■ **WHAT TO WORK ON**
When copying the records below, keep every word as it is and drop the images.

Data items
- - - - - - -

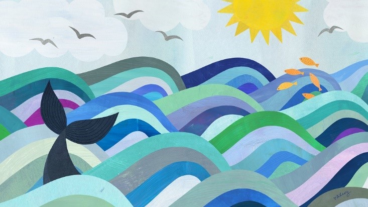 Mi pieza Enchanted Sea es una de mis favoritas porque cierra la brecha entre el arte abstracto y la ilustración. La paleta de colores frescos de esta pieza tiene un ambiente moderno y vibra playera.
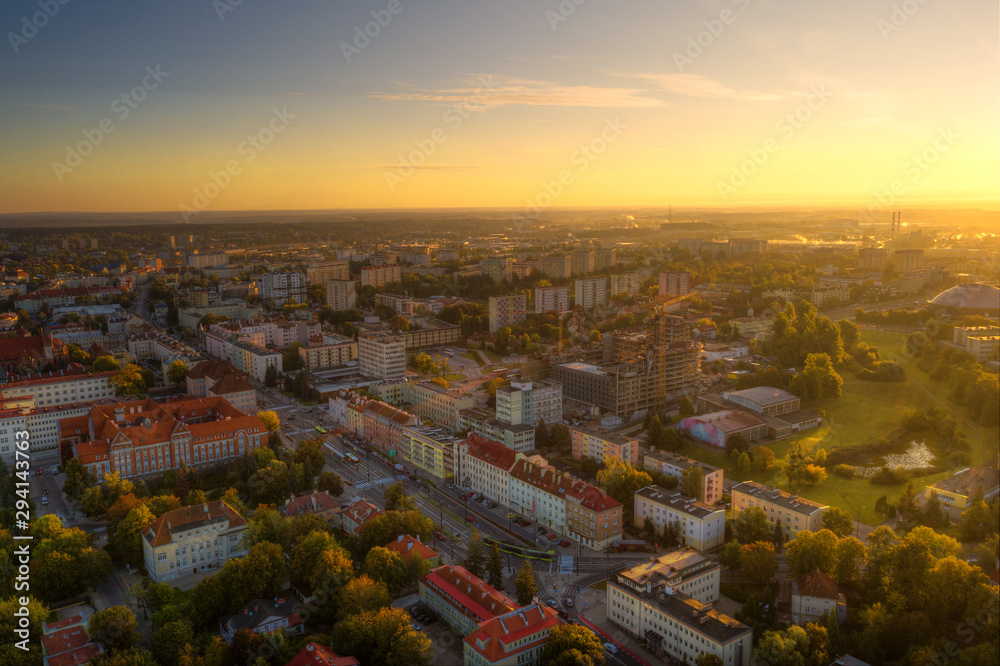 Morning sun illuminates the old town of Olsztyn. Warmia, Poland.
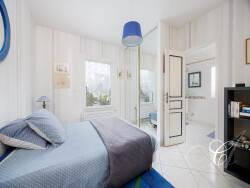 Le rez-de-chaussée L'entrée principale est accessible par le portillon et s'ouvre sur un grand espace de vie d'environ 30m2 composé d'un séjour tourné vers la mer et d'une salle à manger qui se poursuit à l'ouest vers la terrasse et la véranda. La lumière entre par les nombreuses baies vitrées créées judicieusement pour une clarté à tout moment de la journée. Chauffé par un poêle à granulés au design contemporain épuré, cet espace spacieux est une invitation à la tranquillité. La cuisine au nord est ouverte bien que légèrement en retrait des pièces principales jouant sur la convivialité tout en maintenant son propre espace. Elle donne également sur le salon d'hiver et est orientée vers le jardin arrière de la maison. Une chambre et sa salle de douche attenante donnant sur le jardin arrière ainsi que des toilettes indépendantes complètent ce niveau. Un accès au sous-sol et garage directement depuis le rez-de-chaussée apporte une fonctionnalité bienvenue pour le quotidien (courses, buanderie, ) Le premier étage L'escalier en bois mène à un palier pensé comme une mezzanine et aménagé à la façon d'un salon de conversation. Trois chambres spacieuses au nord, à l'ouest et au sud ainsi qu'une salle de bain et des toilettes indépendants tournent autour de ce palier. Au sud, les ouvertures de la chambre principale plongent dans la baie de Cancale au -dessus de la baie de la Ragonde et l'on aperçoit le mythique Mont Saint Michel lorsque la brume du matin se dissipe. Le sol est en parquet, les murs sont blancs ou tapissés de papier peint chacun avec sa note de couleur ou de motifs et l'ensemble apportent une belle lumière à cet étage. Le sous-sol surélevé s'étend sur la surface entière de la maison, comme un étage en plus et permet d'entreposer tous les éléments qui apportent une fonctionnalité essentielle en bord de mer : buanderie, congélateur et réfrigérateur, garage à voiture avec portail électrique, grands espaces de rangement.
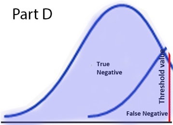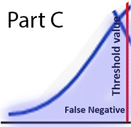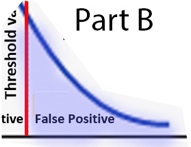 Using a stricter threshold for test positivity is represented as sliding the vertical red bar to the right on the 2nd diagram. This alters the Sensitivity and 1-Specificity in the following way, explaining how a stricter threshold is represented as a coordinate along the bottom left of the curve B on the Sens/Spec curve.
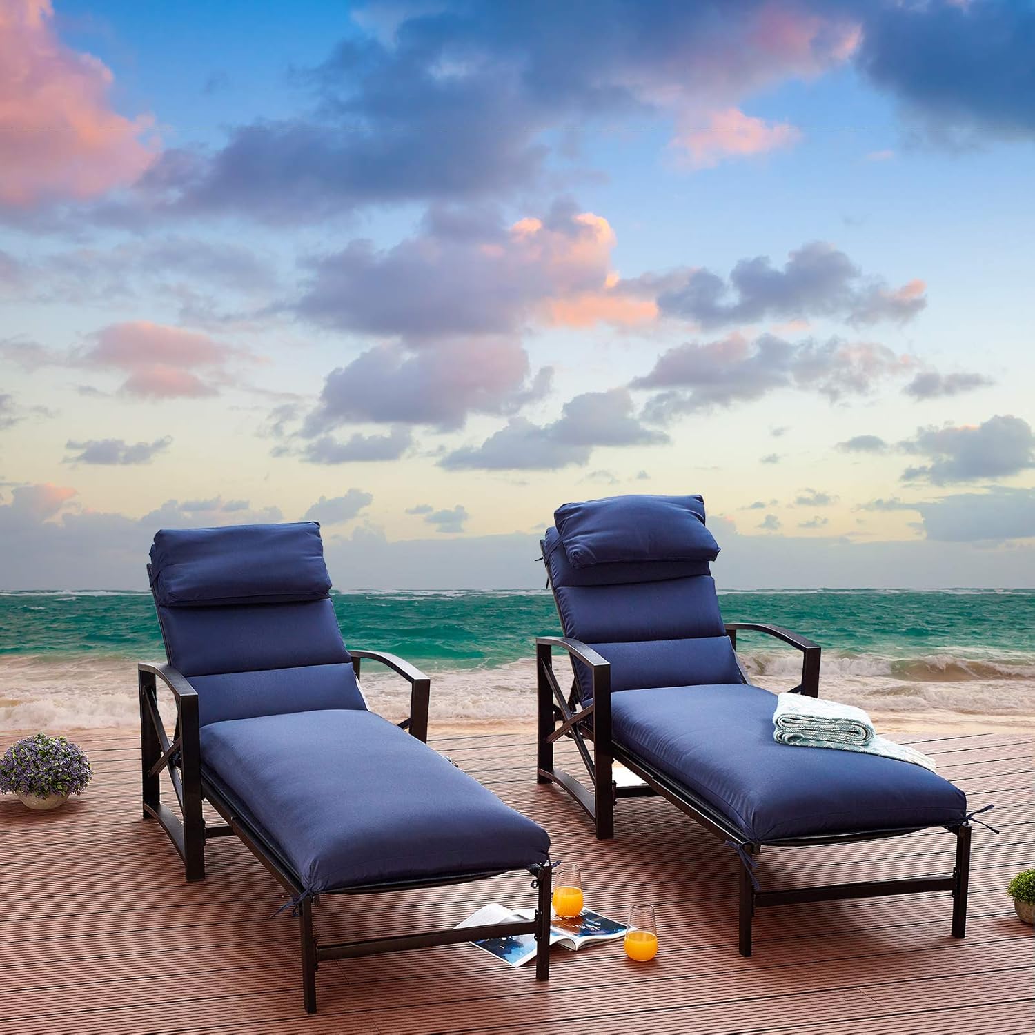 Festival Depot 2 Pieces Patio Outdoor Chaise Loung. Ideal for Lawn & Garden > Patio Furniture & Accessories > Patio Seating > Chairs > Lounge Chairs, Patio.

- - - - - - -

■ **SOLUTION BELOW**
 Mi pieza Enchanted Sea es una de mis favoritas porque cierra la brecha entre el arte abstracto y la ilustración. La paleta de colores frescos de esta pieza tiene un ambiente moderno y vibra playera.
 Morning sun illuminates the old town of Olsztyn. Warmia, Poland.
 Le rez-de-chaussée L'entrée principale est accessible par le portillon et s'ouvre sur un grand espace de vie d'environ 30m2 composé d'un séjour tourné vers la mer et d'une salle à manger qui se poursuit à l'ouest vers la terrasse et la véranda. La lumière entre par les nombreuses baies vitrées créées judicieusement pour une clarté à tout moment de la journée. Chauffé par un poêle à granulés au design contemporain épuré, cet espace spacieux est une invitation à la tranquillité. La cuisine au nord est ouverte bien que légèrement en retrait des pièces principales jouant sur la convivialité tout en maintenant son propre espace. Elle donne également sur le salon d'hiver et est orientée vers le jardin arrière de la maison. Une chambre et sa salle de douche attenante donnant sur le jardin arrière ainsi que des toilettes indépendantes complètent ce niveau. Un accès au sous-sol et garage directement depuis le rez-de-chaussée apporte une fonctionnalité bienvenue pour le quotidien (courses, buanderie, ) Le premier étage L'escalier en bois mène à un palier pensé comme une mezzanine et aménagé à la façon d'un salon de conversation. Trois chambres spacieuses au nord, à l'ouest et au sud ainsi qu'une salle de bain et des toilettes indépendants tournent autour de ce palier. Au sud, les ouvertures de la chambre principale plongent dans la baie de Cancale au -dessus de la baie de la Ragonde et l'on aperçoit le mythique Mont Saint Michel lorsque la brume du matin se dissipe. Le sol est en parquet, les murs sont blancs ou tapissés de papier peint chacun avec sa note de couleur ou de motifs et l'ensemble apportent une belle lumière à cet étage. Le sous-sol surélevé s'étend sur la surface entière de la maison, comme un étage en plus et permet d'entreposer tous les éléments qui apportent une fonctionnalité essentielle en bord de mer : buanderie, congélateur et réfrigérateur, garage à voiture avec portail électrique, grands espaces de rangement.
 Using a stricter threshold for test positivity is represented as sliding the vertical red bar to the right on the 2nd diagram. This alters the Sensitivity and 1-Specificity in the following way, explaining how a stricter threshold is represented as a coordinate along the bottom left of the curve B on the Sens/Spec curve.
 Festival Depot 2 Pieces Patio Outdoor Chaise Loung. Ideal for Lawn & Garden > Patio Furniture & Accessories > Patio Seating > Chairs > Lounge Chairs, Patio.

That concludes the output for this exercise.